Pulumi is open source under the Apache 2.0 license, supports many languages and clouds, and is easy to extend. This repo contains the pulumi CLI, language SDKs, and core Pulumi engine, and individual libraries are in their own repos.

Welcome

  • Getting Started: get up and running quickly.

  • Tutorials: walk through end-to-end workflows for creating containers, serverless functions, and other cloud services and infrastructure.

  • Examples: browse a number of useful examples across many languages, clouds, and scenarios including containers, serverless, and infrastructure.

  • Reference Docs: read conceptual documentation, in addition to details on how to configure Pulumi to deploy into your AWS, Azure, or Google Cloud accounts, and/or Kubernetes cluster.

  • Community Slack: join us over at our community Slack channel. Any and all discussion or questions are welcome.

  • GitHub Discussions: Ask your questions or share what you're building with Pulumi.

  • Roadmap: check out what's on the roadmap for the Pulumi project over the coming months.

Getting Started

Watch the video

See the Get Started guide to quickly get started with Pulumi on your platform and cloud of choice.

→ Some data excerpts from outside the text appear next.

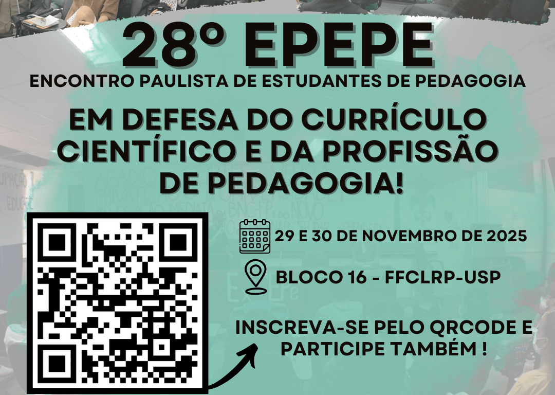 A Executiva Estadual de Estudantes de Pedagogia de São Paulo (EEEPe-SP) convida todos os estudantes de Pedagogia e Licenciatura, Centros Acadêmicos, secundaristas, grêmios estudantis, professores e ativistas de todo o estado para o, desde já, vitorioso 28° Encontro Paulista de Estudantes de Pedagogia (EPEPe)!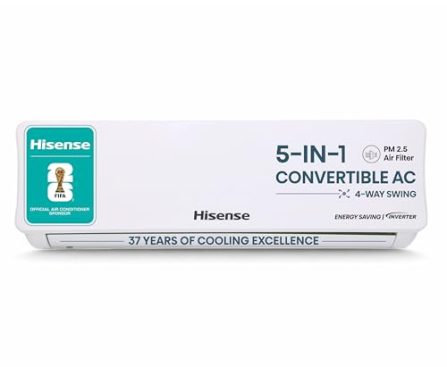 Major Appliances Hisense 1.0 Ton 3 star Inverter Split AC(Copper, 5-in-1 Convertible with Intelligent 4 modes, 4 Way Swing, Anti corrosion, Long Air Distance, AS-12TR4R3E, White )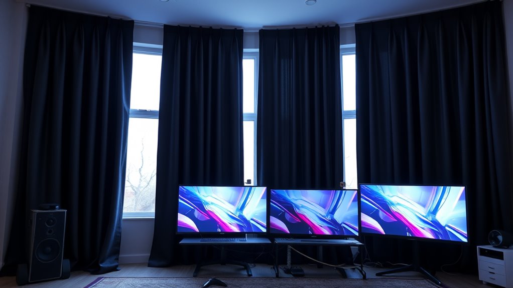 Blackout curtains considerably improve screen visibility by blocking out external light sources, reducing glare that can strain my eyes. They create a darker environment, making details on the screen clearer and colors more vibrant. I’ve found they help me focus better during gaming or streaming sessions, preventing reflections and minimizing distractions. Overall, blackout curtains make my gaming setup more immersive and enjoyable by controlling lighting conditions effectively.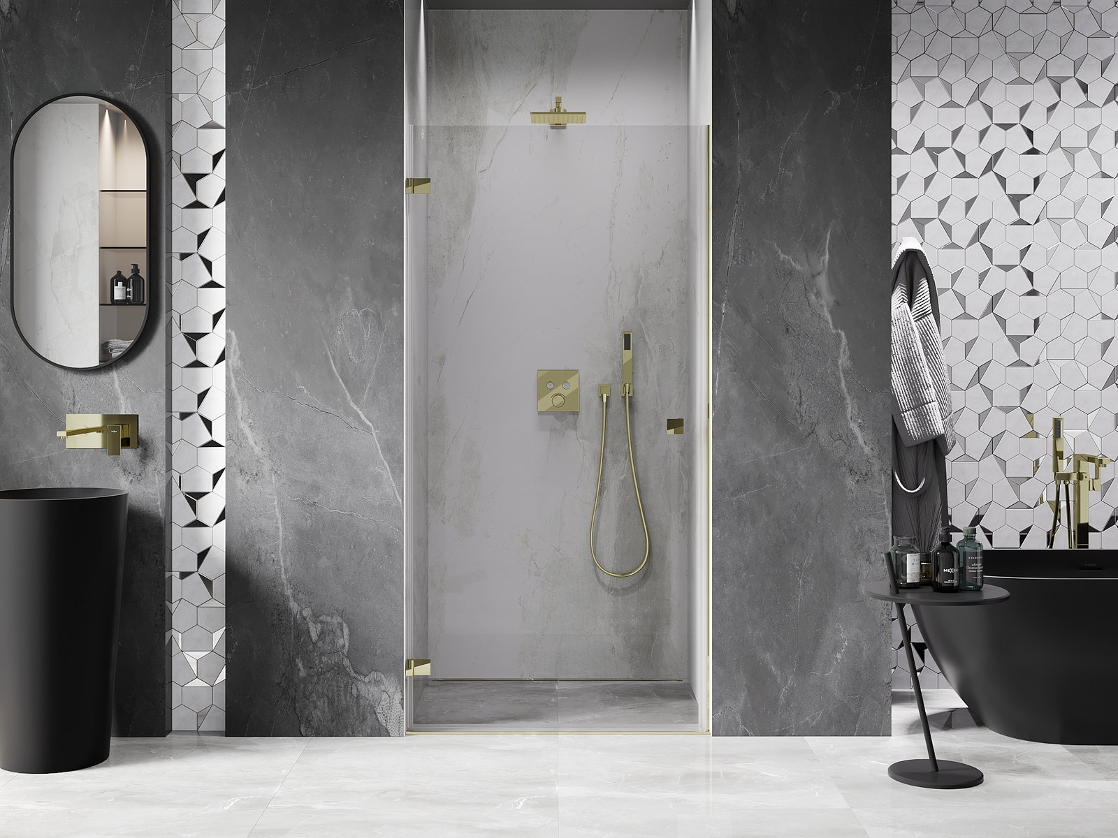 Mexen Lunar-B lénks gekippt Duschdier 100 cm, transparent, gëllen - 832-100-000-50-00-L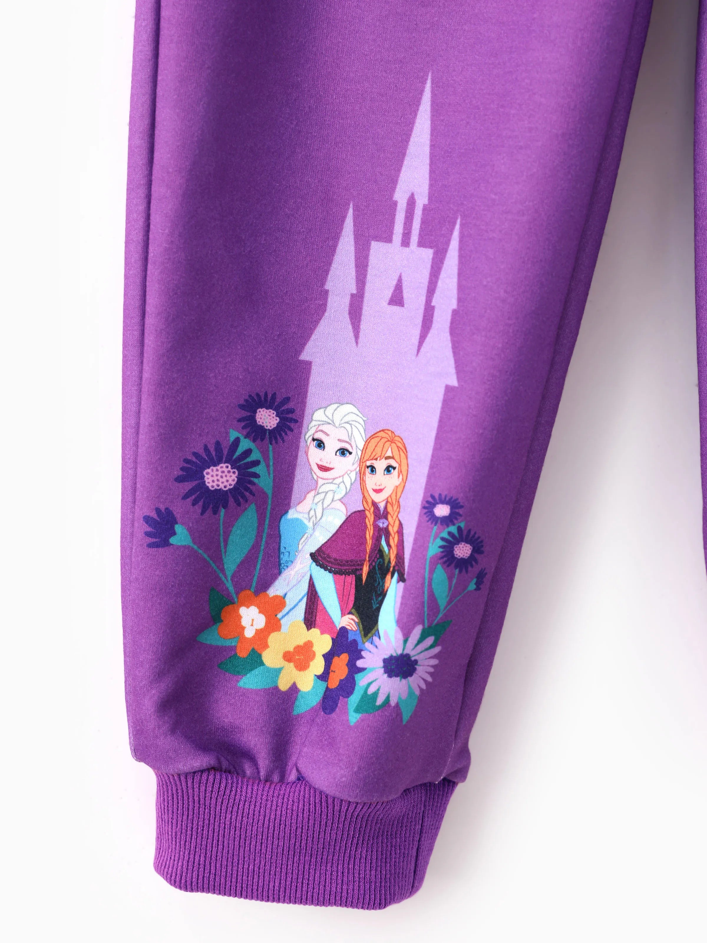Disney Frozen 2pcs Toddler Girl Elsa&Anna Floral Long-sleeve Hoodie and Pants Set Deep Magenta

Otherwise, the following steps demonstrate how to deploy your first Pulumi program, using AWS Serverless Lambdas, in minutes:

  1. Install:

    To install the latest Pulumi release, run the following (see full installation instructions for additional installation options):

    $ curl -fsSL https://get.pulumi.com/ | sh
    
  2. Create a Project:

    After installing, you can get started with the pulumi new command:

    $ mkdir pulumi-demo && cd pulumi-demo
    $ pulumi new hello-aws-javascript
    

    The new command offers templates for all languages and clouds. Run it without an argument and it'll prompt you with available projects. This command created an AWS Serverless Lambda project written in JavaScript.

  3. Deploy to the Cloud:

    Run pulumi up to get your code to the cloud:

    $ pulumi up
    

    This makes all cloud resources needed to run your code. Simply make edits to your project, and subsequent pulumi ups will compute the minimal diff to deploy your changes.

  4. Use Your Program:

    Now that your code is deployed, you can interact with it. In the above example, we can curl the endpoint:

    $ curl $(pulumi stack output url)
    
  5. Access the Logs:

    If you're using containers or functions, Pulumi's unified logging command will show all of your logs:

    $ pulumi logs -f
    
  6. Destroy your Resources:

    After you're done, you can remove all resources created by your program:

    $ pulumi destroy -y
    

To learn more, head over to pulumi.com for much more information, including tutorials, examples, and details of the core Pulumi CLI and programming model concepts.

Platform

CLI

Architecture Build Status
Linux/macOS x64 Linux x64 Build Status
Windows x64 Windows x64 Build Status

Languages

Language Status Runtime
JavaScript Stable Node.js 12+
TypeScript Stable Node.js 12+
Python Stable Python 3.6+
Go Stable Go 1.14+
.NET (C#/F#/VB.NET) Stable .NET Core 3.1+

Clouds

See Supported Clouds for the full list of supported cloud and infrastructure providers.

Contributing

Please See CONTRIBUTING.md for information on building Pulumi from source or contributing improvements.